SEATTLE - Sharks are in danger in the Pacific and all the world's oceans, and after tangling with sharks and living to tell about it, a group of shark attack survivors is in the nation's capital today, asking the Senate to pass a bill to protect sharks. Scientists say that, like many other fish species, sharks have been over-fished and many are endangered.
Here in the Northwest, there are at least 18 shark species on the Pacific coast. Shark sightings are common but attacks are extremely rare, according to Matt Rand, director of Global Shark Conservation, a project of the Pew Environment Group.

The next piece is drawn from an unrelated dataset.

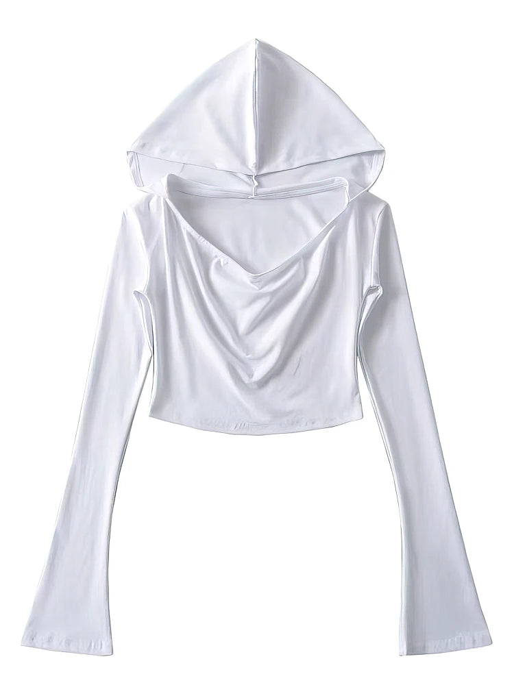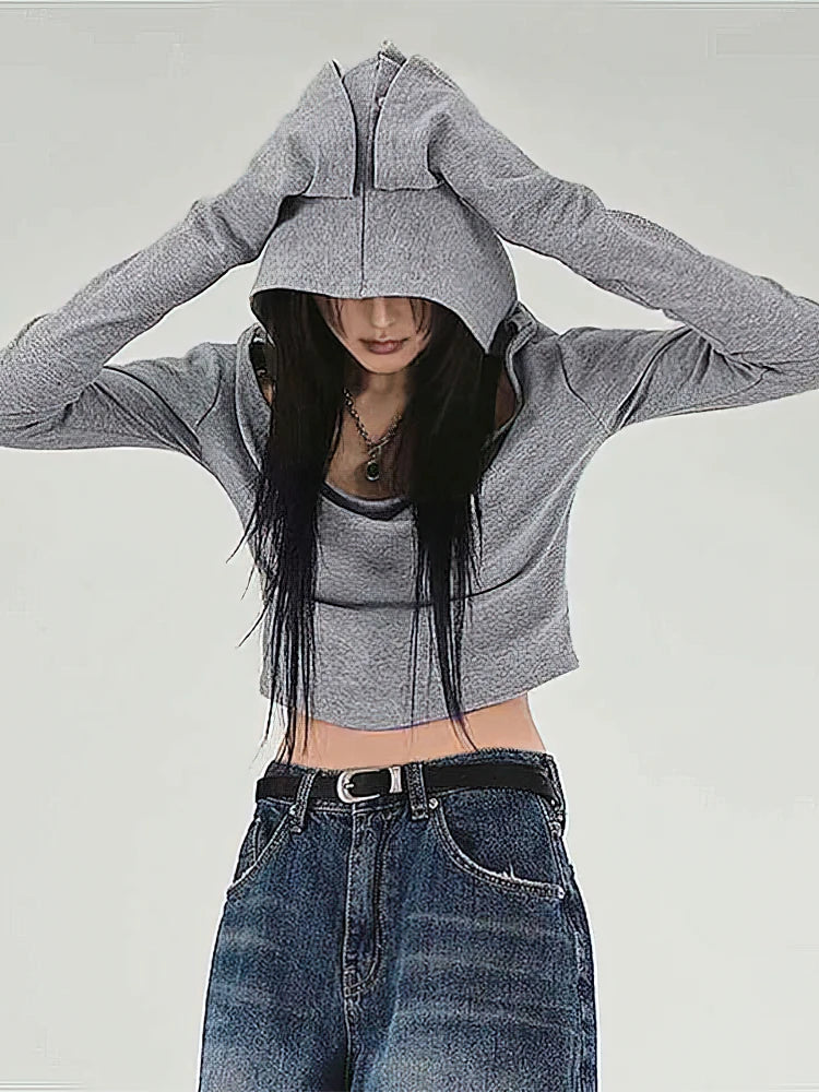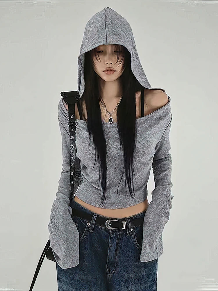 Vintage Hoodie Long sleeve T shirt Women Y2k Gray Off shoulder Top Sexy Cropped Tees Shirt Basic Blouse 2025 Fashion Streetwear

"Sharks are the ones that should be much more scared of people, than people should be of them. Most of the attacks were accidents. Scientists believe the sharks aren't looking for people as food, but the sharks think they're a prey they're used to feeding off of, and it's a mistake."

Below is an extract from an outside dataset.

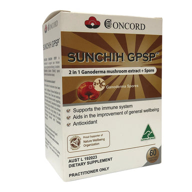 Contains 2 in 1 Ganoderma Mushroom Extract + SporeCONCORD SUNCHIH GPSP is formulated to support your immune system and promotes general wellbeing....
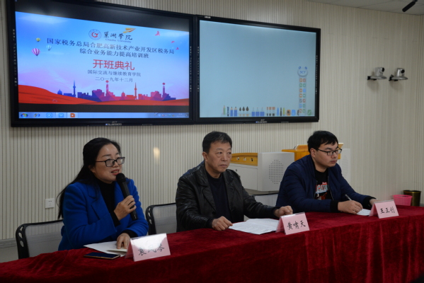 12月5日上午,合肥高新技术产业开发区税务局综合业务能力提高培训班在博学楼402教室举行了开班典礼。高新区局党委委员、副局长黄啸天,金年汇官方入口国际交流与继续教育学院副院长袁凤琴出席开班典礼,开班典礼由培训班班主任王正创老师主持。

Rand says that, even though many of the survivors have lost arms or legs, they don't hold grudges against the sharks that bit them.
"These are individuals that are extremely passionate about shark conservation. They are more concerned for the sharks than they are for themselves. They're scared for sharks."
The Pew Environment Group says most sharks are caught for their fins, which are cut off, mostly for use in making shark fin soup, and the bodies of the fish dumped back into the ocean. The United States has banned this practice of "finning," but it is legal in other countries. The Shark Conservation Act would strengthen enforcement of the U.S. ban.